私はエヴァと共に歩む。ならば彼女の決断や覚悟も受け入れる。
この所、私が殺しをするたびに深く考え込んでいるのは知っていた。
私個人としては、もうしばらく子供でいてもいいのでは、と思っていた。
しかしそれが義姉としての傲慢や押しつけならば、そしてエヴァ自身が選ぶのならば、それに否はない。
必要なのはこうして、共に支え合い歩んでいく事。
だから今はこうしてそっと泣かせ、見て見ぬふりをしてやればいい。
そう思いながら、抱きしめ続けた。
「義姉様、私を抱いてください」
そう告げられた私の目の前には、いつものおそろいの格好ではなく、初めて会った時着ていたのに似た、黒のワンピースドレスに身を包んだエヴァが居た。所々あしらわれたフリルや飾りがより可愛らしさを引き立たせる。
今日はエヴァの14歳の誕生日。
立ち寄った街の宿屋に泊り、そこの料理に加え持ちこんだ食材でいつもより豪華な夕食を楽しんだ。

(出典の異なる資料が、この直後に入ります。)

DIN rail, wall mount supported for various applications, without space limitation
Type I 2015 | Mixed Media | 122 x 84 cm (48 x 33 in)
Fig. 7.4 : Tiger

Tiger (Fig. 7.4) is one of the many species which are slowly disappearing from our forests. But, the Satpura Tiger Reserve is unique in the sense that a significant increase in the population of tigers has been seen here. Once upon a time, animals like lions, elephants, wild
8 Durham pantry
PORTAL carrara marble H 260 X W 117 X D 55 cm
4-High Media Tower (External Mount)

珍しくワインも開けて、2人で飲みながら楽しく話していた。
ワインを数本あけて、夜も深まり、そろそろお開きかと会話が途切れた合間を縫ってエヴァが言い放ったのだ。
その時の私の感情は、間違いなく歓喜だった。
禁忌の関係?危ない性癖?だからどうしたというの。
貞操観念や倫理その他諸々が厳しかった前世ですら、色欲に関して本能に忠実に生きていた私が今更足踏みをする訳が無い。
まして、まったく予想して無かった訳でもない。
話は半年ほど遡る。
エヴァの13歳の誕生日。初めての殺し。それから半年。
その日、少し疲れたとエヴァは先に宿に向かった。
私は町を回ってから宿に向かう。
薄々気づいていた私は、宿に向かう瞬間から気や魔力と言った気配を消して向かった。
宿に入ると聴覚を強化し、足音を消しながら部屋に向かう。